Иван Егорыч встал, вытер запотевшие очки краешком скатерти, прошелся по комнате, снова взял письмо. Хотел еще раз перечитать, но отложил, говоря вслух:

– Подумать надо, крепко подумать… А военным Виктор стал из-за меня же. Разве я-то чистый аграрий? Рос на моих фронтовых рассказах… Мои ордена и медали захватили его воображение… Да уж что случилось, того не переменишь. Кому-то надо и на границах стоять… – вздохнул Иван Егорыч, положил письмо в карман пиджака, чтоб всегда при себе было. «Ласковые они, очень ласковые», – подумал Иван Егорыч и снял трубку с телефона.

– Дай-ка мне, Наташа, Печенкина, – сказал Иван Егорыч, знавший всех телефонисток и по голосам и по именам, и построжел в ожидании, когда ответит Печенкин. Председатель исполкома поселкового Совета ответил не сразу и недовольным тоном.

– Здорово, Тимофей Андреич, здорово. Крылов это говорит. Чем ты недоволен, почему такой раздраженный? С женой, что ли, поссорился? Уступи, братец мой, уступи. Женщин ценить нужно. А уж твою Марию Карповну и почитать можно. И красавица, и работник отличный. Комбинат бытобслуживания на загляденье другим поставила. Соседние районы от зависти сгорают… Нет, говоришь? Не угадал, значит? А в чем дело?.. А, вон оно как! Сельский пастух пьяный напился и потраву совхозного хлеба допустил… За это взыщи по всей строгости… Как бы я поступил? А так же, как ты: высчитать из зарплаты стоимость стравленного хлеба, выговор на исполкоме записать, решение предать огласке… Скот, говоришь, в хорошем состоянии?
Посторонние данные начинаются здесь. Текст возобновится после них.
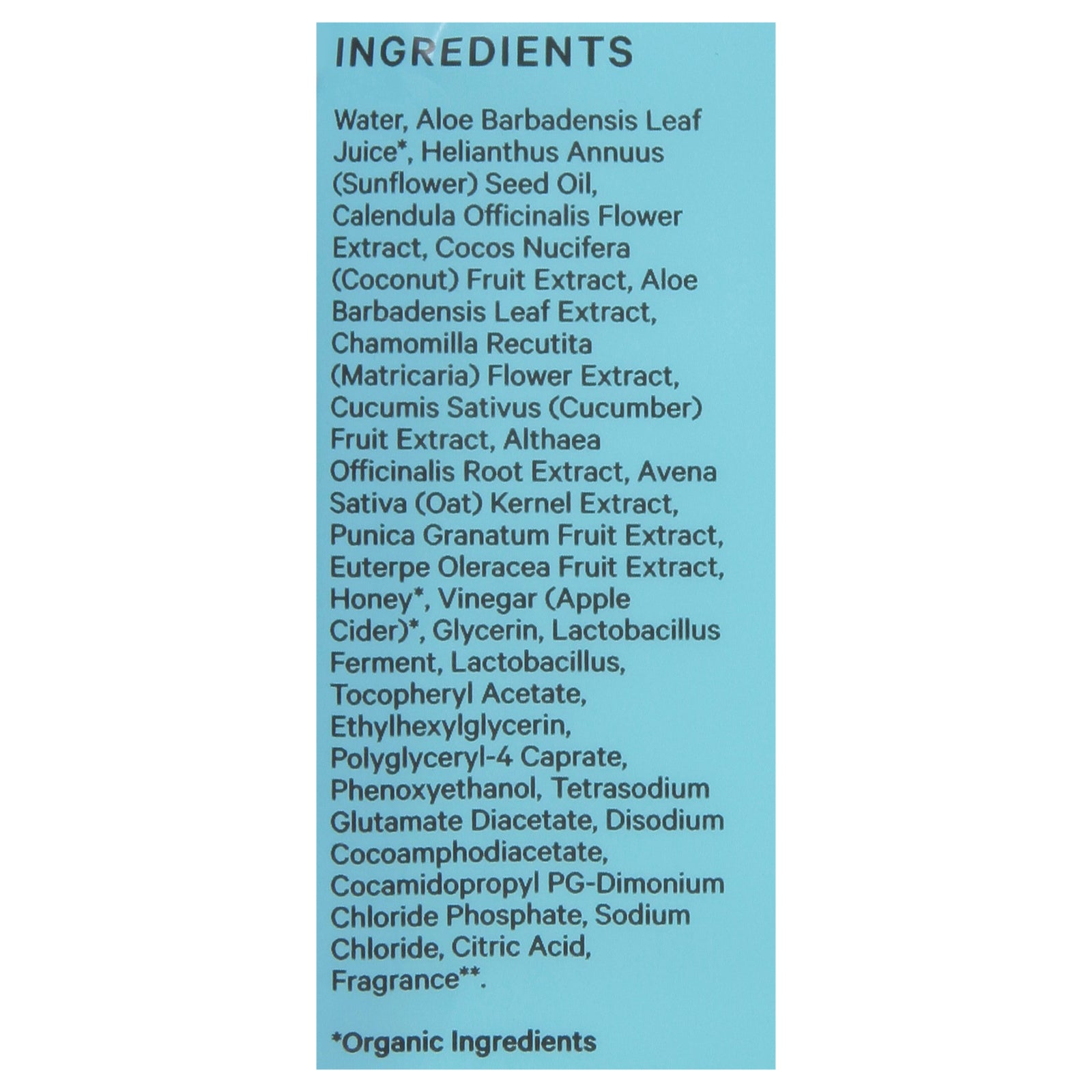 ingredients : water;aloe barbadensis leaf juice;helianthus annuus (sunflower) seed oil;calendula officinalis flower extract;cocos nucifera (coconut) fruit extract;aloe barbadensis leaf extract;chamomilla recutita (matricaria) flower extract;cucumis sativus (cucumber) fruit extract;althaea officinalis root extract;avena sativa (oat) kernel extract;punica granatum fruit extract;euterpe oleracea fruit extract;honey;vinegar (apple cider);glycerin;lactobacillus ferment;lactobacillus;tocopheryl acetate;ethylhexylgl

Ну что же, если в зиму скот такой же будет, выговор снимешь, благодарность объявишь, премию дашь. Растолкуй ему сам его перспективу, растолкуй по-человечески, чтоб не было у него такого мнения, будто рукой на него все махнули из-за этого проступка. Вот так, Тимофей Андреич, действуй. А теперь послушай-ка, что хочу тебе сказать: ты на кладбище давно был? Когда тещу хоронил? Так. Помнится мне, годика три тому назад это дело было. Даже четыре. Ну, видишь, как времечко-то катится… Не откажи-ка, побывай там срочно, посмотри, как усопшие труженики лежат, все ли там с ними в порядке. Усопшим, братец мой, от нас ничего не надо, а вот нам без них не обойтись. Они ведь корни-то, Тимофей Андреич, они. Они славу нашему Отечеству добывали. А мы с тобой – трава, верхушки. Корни крепкие, прочные – и мы с тобой в цвету, в наливе. Побывай-ка там. А какие при этом мысли возникнут – поделись по телефону. Сам понимаешь, прошу тебя по-товарищески, указаний давать не имею права, это теперь прерогатива Чистякова… Поддерживай его, мужик молодой, энергичный и умом не обделен… Ну, позвони, позвони и не ругай, что отвлек от других вопросов.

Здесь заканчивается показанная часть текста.